**EXERCISE INSTRUCTIONS:** What you return should be only the lines in the entries below between the one holding "Lacy faroese shawl" and the one holding "Полотенцесушитель электрический Indigo", ends included, with every picture left out.

**DATASET:**
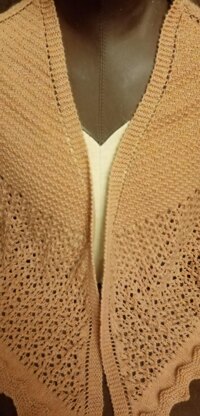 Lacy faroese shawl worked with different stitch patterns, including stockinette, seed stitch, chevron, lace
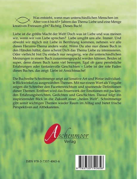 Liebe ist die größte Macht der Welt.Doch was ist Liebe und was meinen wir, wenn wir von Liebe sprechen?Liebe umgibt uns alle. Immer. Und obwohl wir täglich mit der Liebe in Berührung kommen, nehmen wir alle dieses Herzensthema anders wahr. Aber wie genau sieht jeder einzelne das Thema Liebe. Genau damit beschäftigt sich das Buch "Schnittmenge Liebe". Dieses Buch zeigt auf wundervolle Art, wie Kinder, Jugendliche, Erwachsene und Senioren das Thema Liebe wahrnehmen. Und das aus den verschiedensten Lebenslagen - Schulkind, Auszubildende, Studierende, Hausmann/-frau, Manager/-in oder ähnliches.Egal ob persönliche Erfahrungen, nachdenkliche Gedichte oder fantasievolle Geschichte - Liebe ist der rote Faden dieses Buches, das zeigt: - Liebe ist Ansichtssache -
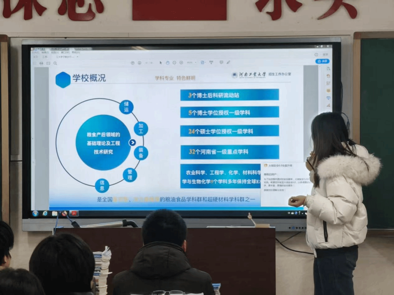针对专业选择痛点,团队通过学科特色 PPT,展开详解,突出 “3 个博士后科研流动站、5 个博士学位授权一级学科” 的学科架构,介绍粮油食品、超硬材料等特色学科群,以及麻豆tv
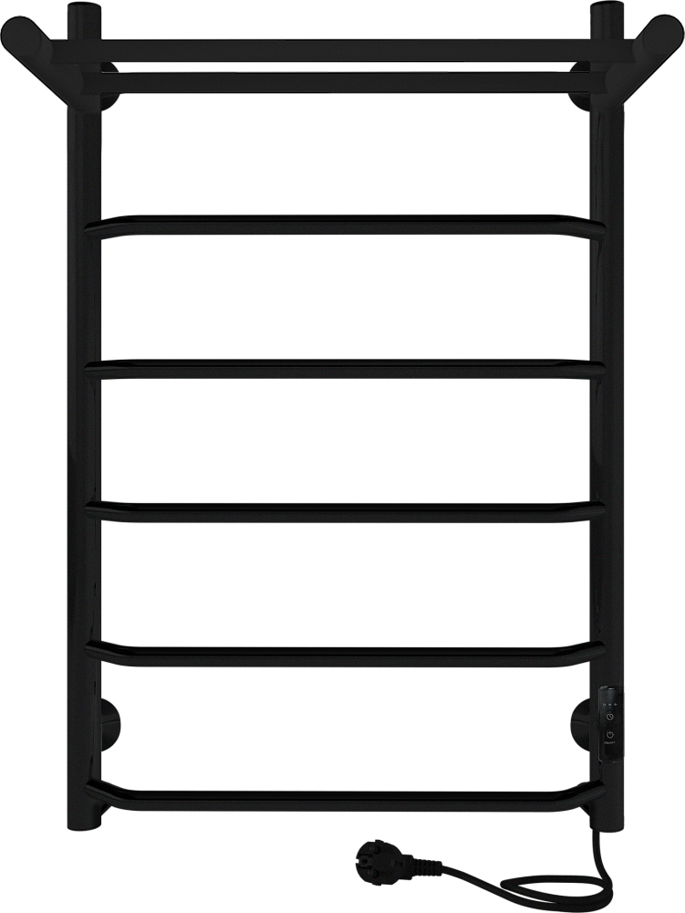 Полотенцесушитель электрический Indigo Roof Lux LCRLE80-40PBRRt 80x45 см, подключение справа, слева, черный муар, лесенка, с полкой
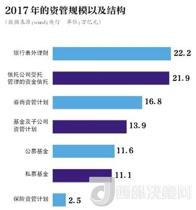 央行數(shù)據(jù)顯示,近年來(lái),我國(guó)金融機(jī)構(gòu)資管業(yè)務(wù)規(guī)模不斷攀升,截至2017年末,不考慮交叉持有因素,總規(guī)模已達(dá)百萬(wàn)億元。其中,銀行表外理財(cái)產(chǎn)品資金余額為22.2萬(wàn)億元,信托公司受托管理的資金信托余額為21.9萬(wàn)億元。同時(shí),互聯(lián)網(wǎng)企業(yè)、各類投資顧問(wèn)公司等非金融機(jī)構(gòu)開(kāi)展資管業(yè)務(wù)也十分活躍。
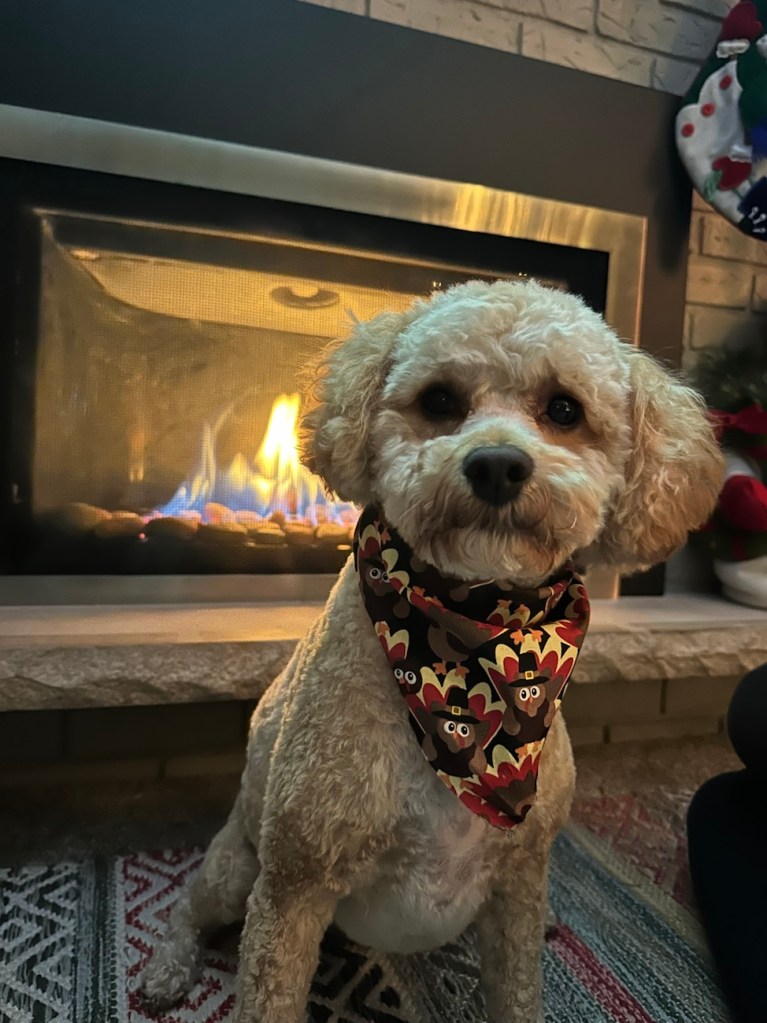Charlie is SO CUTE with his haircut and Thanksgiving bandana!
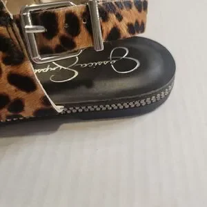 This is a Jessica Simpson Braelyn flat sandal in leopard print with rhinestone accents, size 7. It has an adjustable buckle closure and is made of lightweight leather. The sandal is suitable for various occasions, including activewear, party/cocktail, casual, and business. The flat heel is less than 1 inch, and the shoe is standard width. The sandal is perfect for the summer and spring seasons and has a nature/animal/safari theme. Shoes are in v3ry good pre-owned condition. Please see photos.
...
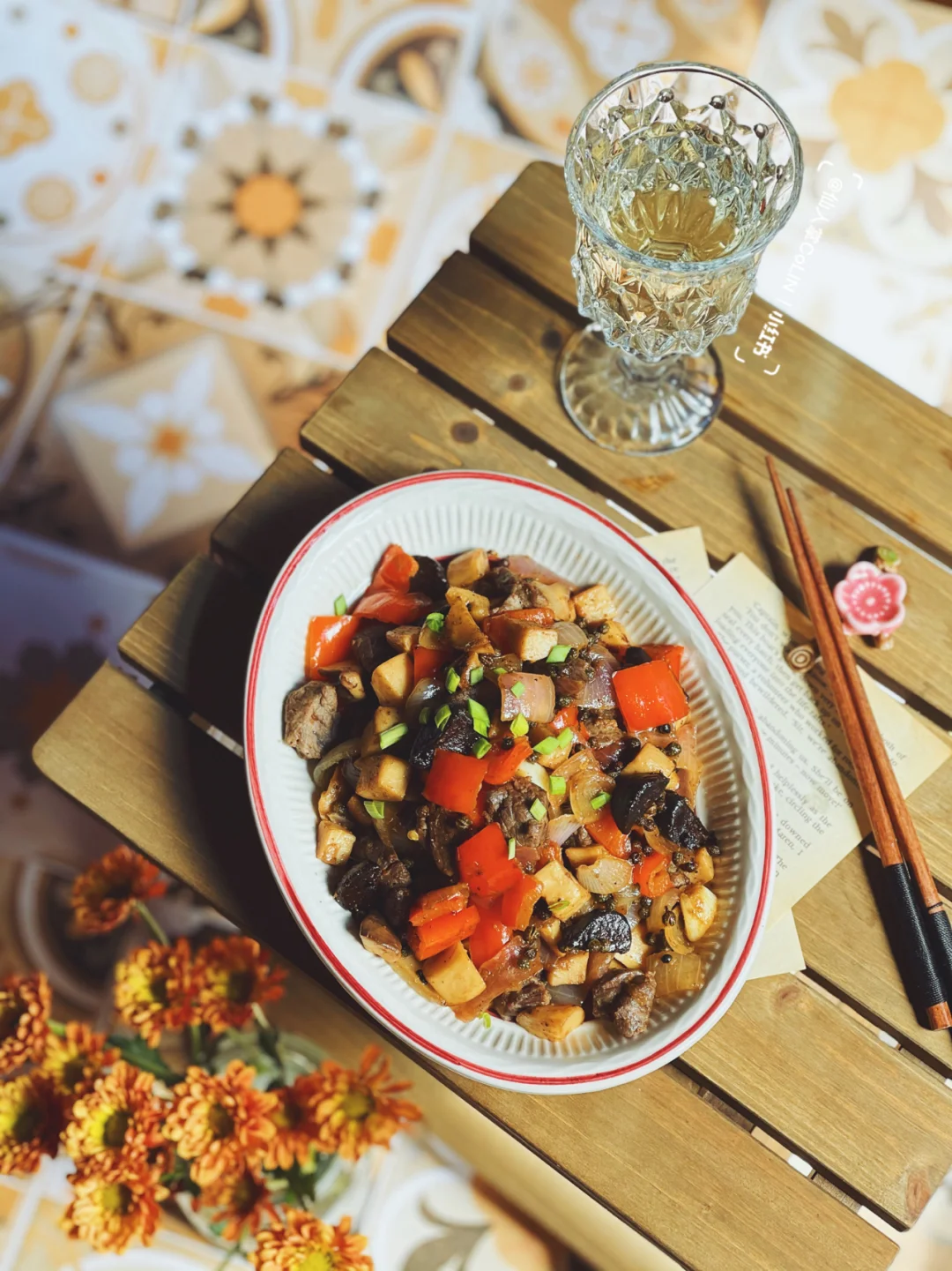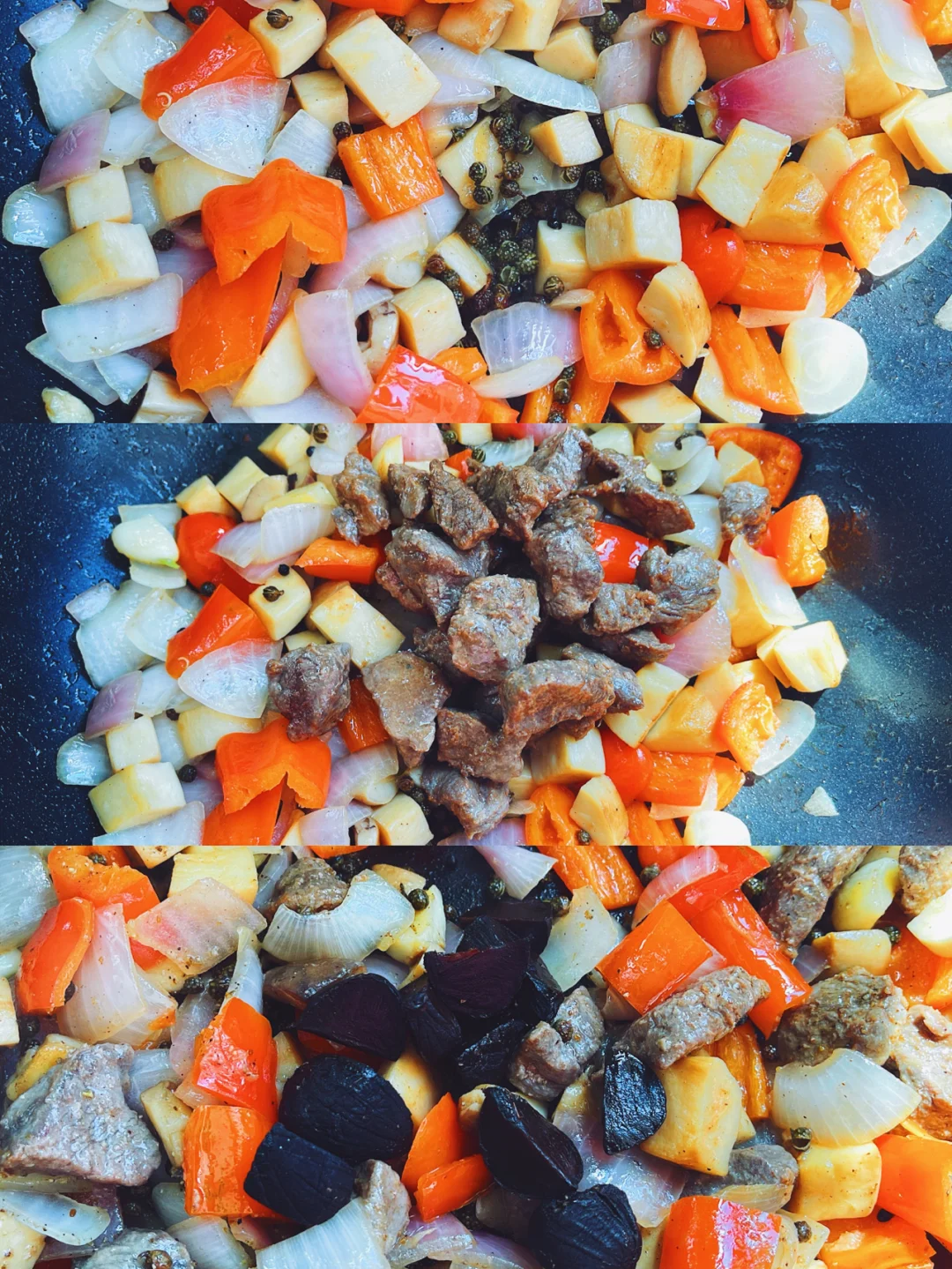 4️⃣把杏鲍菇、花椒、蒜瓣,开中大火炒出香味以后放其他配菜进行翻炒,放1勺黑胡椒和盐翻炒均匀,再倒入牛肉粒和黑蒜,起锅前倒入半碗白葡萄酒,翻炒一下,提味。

**YOUR SOLUTION:**
 Lacy faroese shawl worked with different stitch patterns, including stockinette, seed stitch, chevron, lace
 Liebe ist die größte Macht der Welt.Doch was ist Liebe und was meinen wir, wenn wir von Liebe sprechen?Liebe umgibt uns alle. Immer. Und obwohl wir täglich mit der Liebe in Berührung kommen, nehmen wir alle dieses Herzensthema anders wahr. Aber wie genau sieht jeder einzelne das Thema Liebe. Genau damit beschäftigt sich das Buch "Schnittmenge Liebe". Dieses Buch zeigt auf wundervolle Art, wie Kinder, Jugendliche, Erwachsene und Senioren das Thema Liebe wahrnehmen. Und das aus den verschiedensten Lebenslagen - Schulkind, Auszubildende, Studierende, Hausmann/-frau, Manager/-in oder ähnliches.Egal ob persönliche Erfahrungen, nachdenkliche Gedichte oder fantasievolle Geschichte - Liebe ist der rote Faden dieses Buches, das zeigt: - Liebe ist Ansichtssache -
针对专业选择痛点,团队通过学科特色 PPT,展开详解,突出 “3 个博士后科研流动站、5 个博士学位授权一级学科” 的学科架构,介绍粮油食品、超硬材料等特色学科群,以及麻豆tv
 Полотенцесушитель электрический Indigo Roof Lux LCRLE80-40PBRRt 80x45 см, подключение справа, слева, черный муар, лесенка, с полкой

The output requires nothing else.